Baseline observed: Without LMCache: H200 247 tok/s, H100 264 tok/s, L40S 259 tok/s at rr=2. These serve as the baseline to compare against LMCache-enabled serving.
Key architectural difference from APC: vLLM APC lives entirely in GPU HBM: the KV cache for cached prefixes is stored as GPU memory blocks. When the vLLM server restarts, all cached KV state is lost — the first request after restart must prefill from scratch. LMCache adds a tiered storage backend: GPU HBM → CPU DRAM → NVMe SSD (or S3). KV tensors are serialized to CPU/disk after being computed, so a server restart does NOT lose the cache. The post-restart TTFT with LMCache-disk ≈ disk_read_latency (~10-50ms) + load to GPU, vs full prefill (~1000ms for 500 tokens on H100).
Workloads where LMCache provides clear value:
Disk space estimate for one 500-token prefix on Llama-3.1-8B: KV size = num_layers × 2 × num_kv_heads × head_dim × seq_len × dtype_size = 32 × 2 × 8 × 128 × 500 × 2 bytes (BF16) = 32 × 2 × 8 × 128 × 500 × 2 = 524,288,000 bytes ≈ 500MB per prefix. This is significant — a server with 100 distinct system prompts would need 50GB of NVMe cache.

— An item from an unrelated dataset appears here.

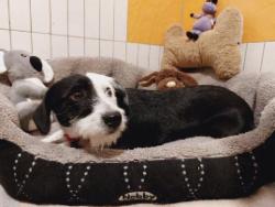 Emmi, Ebby und Enjoy sind Schwestern. Sie wurden mit ein paar Wochen zum Jahreswechsel 2021/2022 einfach herzlos entsorgt, indem sie in einem zugebundenen Pappkarton an die Tür unseres Partnertierheimes gestellt und dort zurückgelassen wurden. Sie hätten besser damals noch ein paar Wochen im Rudel ihrer Hundefamilie bleiben sollen, wären noch ab und zu zusätzlich gesäugt worden und hätten eine längere Sozialisation erfahren. Aber <hätte, wäre, würde, sollte> halfen ihnen nicht, und so wurden sie natürlich mit Dringlichkeitsstufe im Tierheim aufgenommen, unter die Rotlichtlampe gelegt, gefüttert und bei Kräften gehalten. Zu ihrem Glück waren sie ja zu dritt, und die eine oder andere „Tante“ auf vier Pfötchen half an Mutterstelle gerne aus, so dass die drei Süßen eine recht gute Kinderstube hatten. Im Alter von 12 Wochen gab es dann nach und nach Kontakte zu allen möglichen anderen Tierheimmitbewohnern, so dass die drei viele verschiedene Hundetypen kennen lernen konnten, verstehen mussten, dass mancher Hundesenior so einen Zwerg äußerst lästig findet und seine Ruhe haben möchte, andere ausgewachsene Hunde gerne mitgetobt haben, manch einer schneller oder stärker war, als man selbst und dass Welpen eben auch den einen oder anderen Rüffel wegstecken müssen, wenn sie sich „danebenbenehmen“.

I/O latency and break-even: NVMe read bandwidth ~3-7 GB/s. Loading 500MB KV ≈ 70-170ms. GPU prefill of 500 tokens on H100 ≈ 200ms. LMCache wins only if disk read + GPU load time < prefill time: 70ms + ~10ms GPU DMA ≈ 80ms < 200ms → LMCache saves ~120ms per request. The async I/O overlap in LMCache v0.4+ can start disk reads before the previous decode step finishes, effectively hiding most of the disk latency behind compute.

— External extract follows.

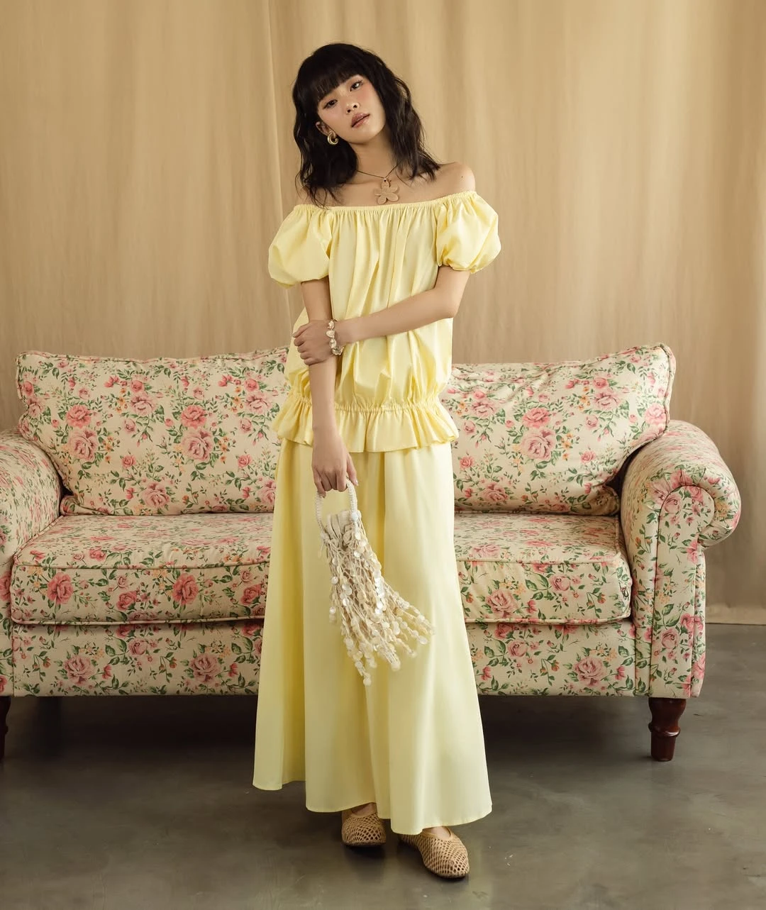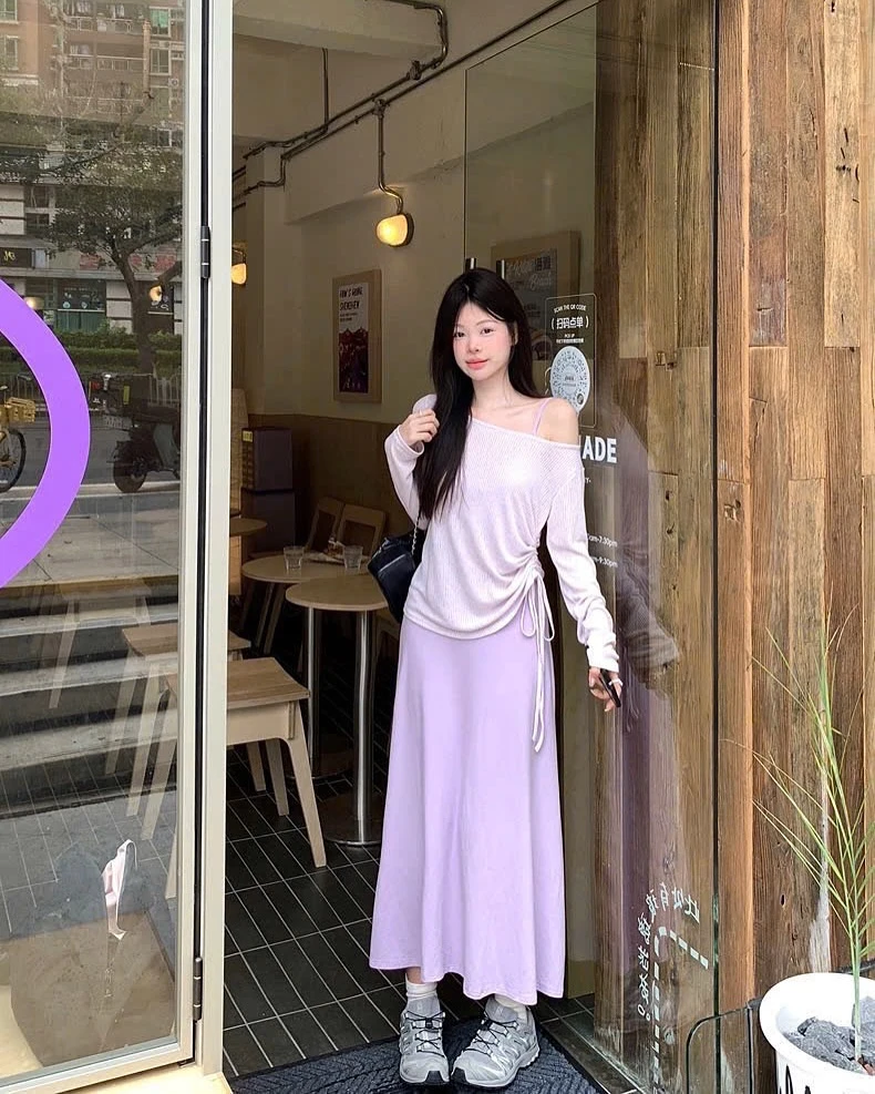 Kết hợp cùng chân váy dài cùng màu sẽ giúp tổng thể bộ đồ thêm hài hòa, phù hợp cho những buổi cà phê hay chụp hình ngoài trời.

Decision criterion for deploying LMCache: Deploy LMCache when: (restart_frequency × prefix_reuse_per_window > 1) AND (disk_read_latency < prefill_latency). If the server restarts nightly and sees 1000+ requests sharing the same prefix daily, LMCache provides clear ROI. If the server never restarts and prefixes are all unique, plain APC is sufficient.